* [Given material]:

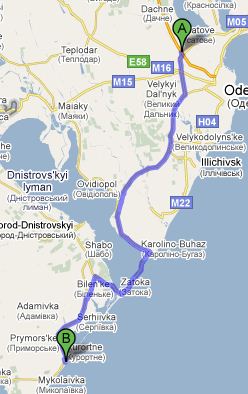2. Дорога на нижней карте, после того как свернешь с трассы Одесса-Рени, будет не очень.
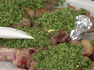 (7)をオーブンから出し、上面に(8)を等分にぬり、(3)の香草パン粉適量をのせ、軽く押さえる。
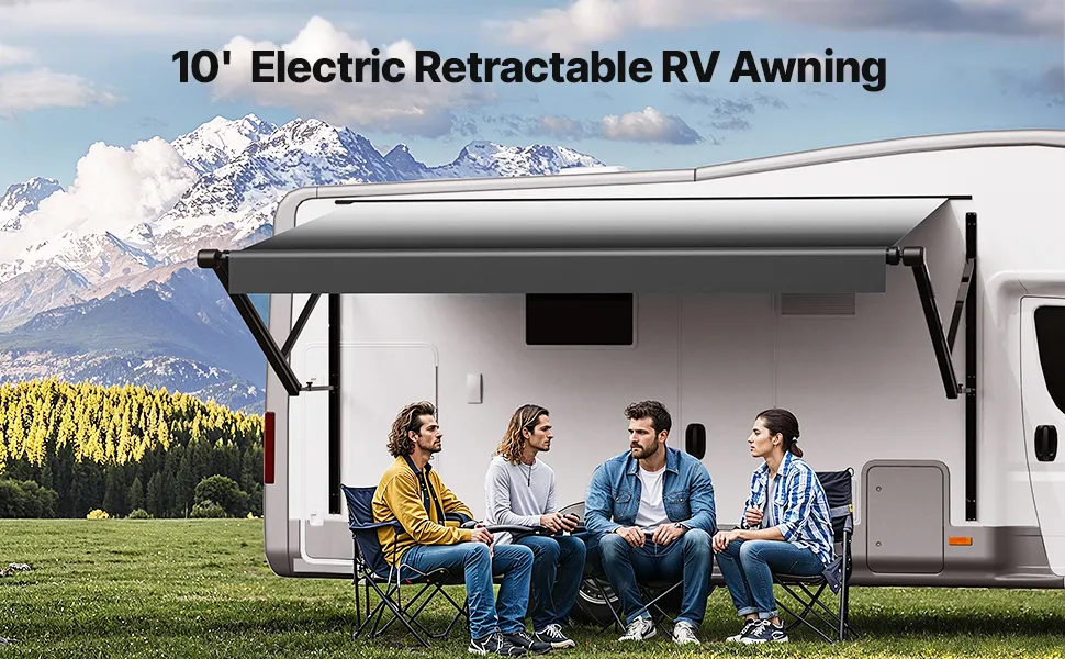 Tendalino elettrico per camper Dimensioni: offriamo una tendalino retrattile ideale per il tuo camper. Questo modello da 10 x 8 piedi (tessuto 9'2") ha un'altezza del telaio di 5,5 piedi. Con 7 dimensioni disponibili, è facile trovare una soluzione adatta al tuo camper

* [What the task requires]:
Restate every line of the data above word for word, with the images removed.

* [Expected answer]:
2. Дорога на нижней карте, после того как свернешь с трассы Одесса-Рени, будет не очень.
 (7)をオーブンから出し、上面に(8)を等分にぬり、(3)の香草パン粉適量をのせ、軽く押さえる。
 Tendalino elettrico per camper Dimensioni: offriamo una tendalino retrattile ideale per il tuo camper. Questo modello da 10 x 8 piedi (tessuto 9'2") ha un'altezza del telaio di 5,5 piedi. Con 7 dimensioni disponibili, è facile trovare una soluzione adatta al tuo camper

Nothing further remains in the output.